PSO received fresh battering and evoked a lot of sympathetic selling in other pivotals, but some of the second-liners came in for active short-covering at the lower levels and allowed the market to avert a major fall.

Minus signs again dominated the list, major losers being Atlas Honda, Bhanero Textiles, Clover Pakistan, Unilever Pakistan and Nestle MilkPak, which suffered decline ranging form Rs4 to Rs14.50, followed by PSO, HinoPak Motors, Glaxo-SKF, BOC Pakistan, Century Papers, Pakistan Paper Products, which fell by Rs2.55 to Rs6.15, largest decline being in National Refinery.
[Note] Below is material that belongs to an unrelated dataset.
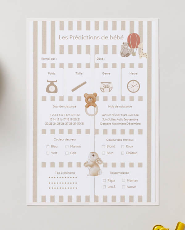 Prêt à parier sur l'arrivée de bébé ? Donnez du peps à votre fête prénatale avec nos cartes de prédictions à imprimer. Un moment fun, convivial et un superbe souvenir pour la future maman !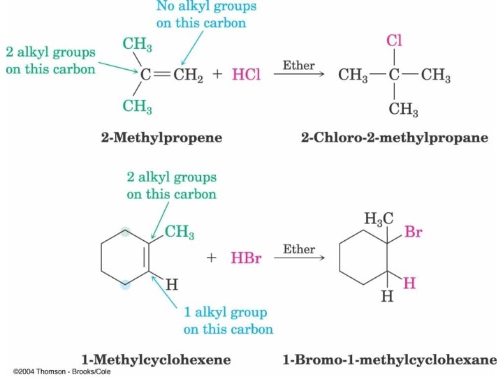 Markovnikov’s Rule The addition of H-X across a double bond results in the more highly substituted alkyl halide as the major product.

Some of the leading shares, notably Pakistan Resource Co, General Tyre, Star Textiles, Cherat Cement, Bosicor Pakistan and Al-Abid Silk were, however, an exceptions, rose by Rs1.30 to Rs6.

Trading volume fell to 125m shares from the previous 79m shares as losers maintained a strong lead over the gainers at 154 to 73, with 39 shares holding on to the last levels.

Hub-Power topped the list of most actives, up 15 paisa at Rs33.85 on 22m shares followed by PTCL easy 45 paisa at Rs31.65 on 21m shares, FFC-Jordan Fertilizer, up 60 paisa at Rs17.50 on 15m shares, PSO, sharply lower by Rs2.55 at Rs242.50 on 15m shares and D.G. Khan Cement, easy 55 paisa at Rs36.85 on 14m shares.

Other actives were led by Bosicor Pakistan, higher by Rs1.10 on 5m shares, Fauji Cement, up 75 paisa on 3m shares, Pakistan Oilfields, higher by 95 paisa also on 3m shares and Maple Leaf Cement, off 60 paisa on 2.784m shares.

FORWARD COUNTER: PSO remained under pressure and led the list of actives, off Rs2.60 at Rs242.50 on 12m shares followed by PTCL, lower by 70 paisa at Rs31.60 on 11m shares, Hub-Power, up 15 paisa at Rs33.90 on 9m shares, FFC-Jordan Fertilizer, up 45 paisa at Rs17.45 on 4m shares and ICI Pakistan, firm by 15 paisa at Rs71.75 on 0.552m shares.

DEFAULTER COMPANIES: Standard Investment Bank again came in for modest support at the previous rate of Rs5.90 and accounted for 0.156m shares. Others lacked normal trading interest and finished mixed amid modest turnover.